## TASK
What are the lines, copied exactly, from the one containing "重ね付けも楽しめる、クロスモチーフとビーズが特徴のマルチネックレス。" through the final line of the material? Leave the pictures out.

## DATA EXCERPT

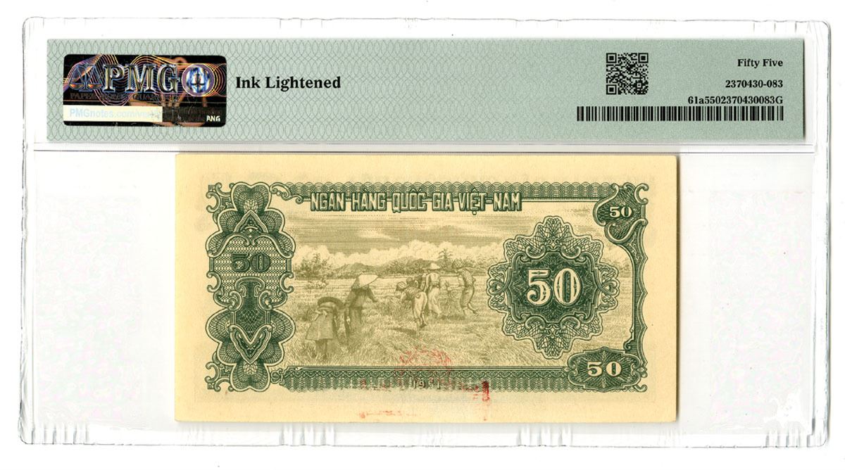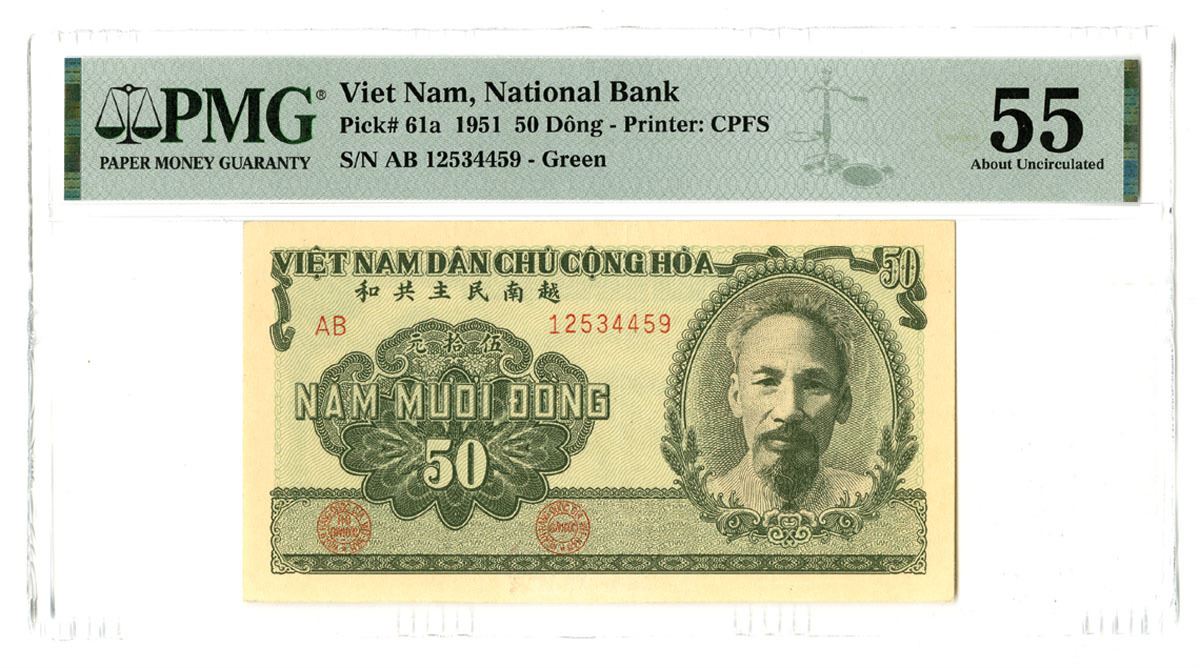 Viet Nam, 1951. 50 Dong, P-61a, Issued Banknote, Shades of green with portrait of HCM at right, Back is green and brown with harvesting scene at center, S/N AB 12534459, PMG graded About Uncirculated 55 with comment "Ink Lightened," CPFS.
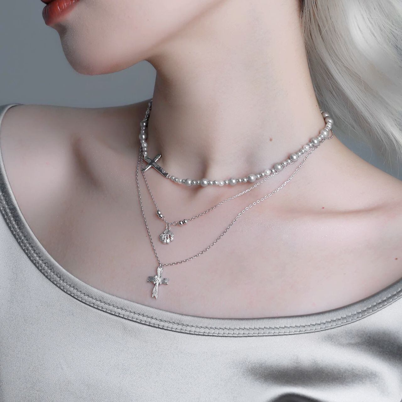 重ね付けも楽しめる、クロスモチーフとビーズが特徴のマルチネックレス。
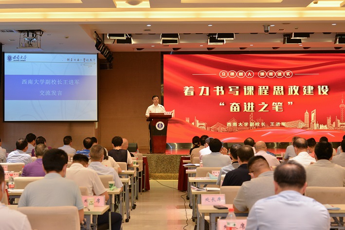 王进军代表学校作题为“立德树人 抓准抓实 着力书写课程思政建设‘奋进之笔’”的发言,从建章立制抓重点、做好课程思政顶层设计,点面结合抓覆盖、构建课程思政良好生态,立足课程抓贯通、打通课程思政建设全链条,注重统筹抓协同、营造课程思政建设氛围等方面,对学校课程思政建设做了全面介绍。
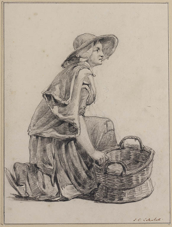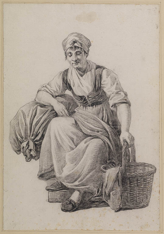 Studie van een zittende vrouw met mand

## ANSWER TO THIS TASK
 重ね付けも楽しめる、クロスモチーフとビーズが特徴のマルチネックレス。
 王进军代表学校作题为“立德树人 抓准抓实 着力书写课程思政建设‘奋进之笔’”的发言,从建章立制抓重点、做好课程思政顶层设计,点面结合抓覆盖、构建课程思政良好生态,立足课程抓贯通、打通课程思政建设全链条,注重统筹抓协同、营造课程思政建设氛围等方面,对学校课程思政建设做了全面介绍。
 Studie van een zittende vrouw met mand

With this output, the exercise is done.